Bukan menjadi suatu masalah letak suatu daerah, baik yang dekat maupun yang jauh dari pusat ibukota. Sebenarnya penentu kesejahteraan suatu daerah bukanlah semata-mata dinilai dari posisinya terhadap pusat kegiatan pemerintahan karena masing-masing daerah mempunyai keunikan termasuk dalam hal pangan lokal. Hanya saja masalahnya apakah sudah tergali dan sudah dioptimalkan potensi yang ada.

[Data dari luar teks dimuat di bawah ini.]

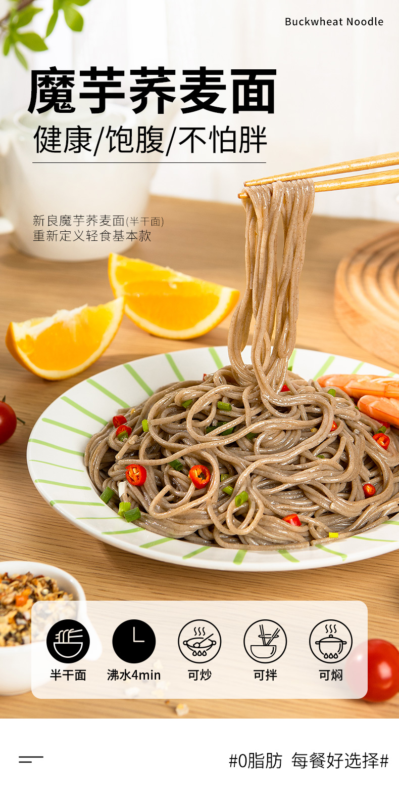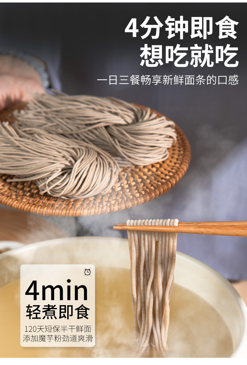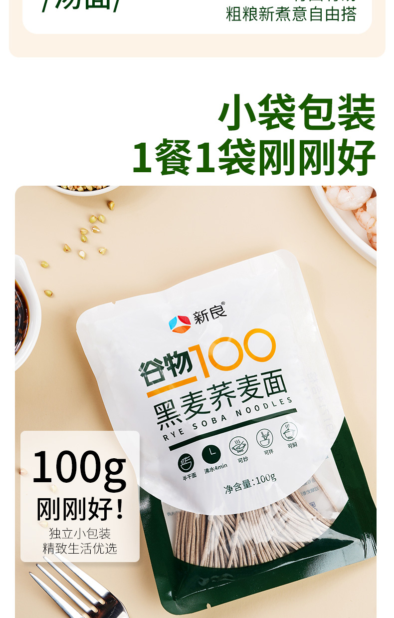 新良魔芋荞麦面黑麦荞麦面100g魔芋面低脂荞麦面0脂肪半干鲜面黑麦面条

Berkaca dari pengalaman masa lalu, pemuda sebagai pelopor perubahan harus melihat permasalahan ini sebagai tantangan dan peluang lantas menindaklanjutinya dengan konsep yang tepat dan sistematis. Konsep Motrafood ini harus diyakini akan membawa perubahan yang fundamental terhadap mindset masyarakat Indonesia terhadap pangan lokal. Dari hal yang sederhana ini, apabila diimplementasikan secara kontinyu dan persisten, maka akan membawa Indonesia lebih baik dan bermartabat. Akhirnya dalam kurun waktu yang terukur Indonesia akan mampu berdaulat pangan seperti pernyataan yang dilontarkan oleh WHO (2000) bahwa negara yang kuat adalah negara yang berdaulat atas pangannya, yaitu negara yang mampu menyuplai kebutuhan pangannya dari potensi lokal negeri sendiri.
Indonesia boleh merujuk kepada bangsa Jepang bagaimana dalam menjaga kultur budaya termasuk makanannya. Bangsa Jepang sangat menghargai pangan lokal tetapi juga sangat kreatif dalam packaging sehingga terkesan modern, nikmat, dan sesuai dengan perkembangan zaman. Hal ini adalah salah satu tiang penyangga kecukupan gizi mereka. Apabila konsep ini dapat diimplementasikan di Indonesia secara menyeluruh, maka masing-masing individu di Indonesia akan berbangga dengan potensi pangan lokal sehingga nilai kebutuhan gizi akan tercukupi bahkan dapat membuka bisnis atau usaha yang akan mengurangi angka kemiskinan yang berarti juga mengurangi orang-orang yang terancam kelaparan di negeri ini.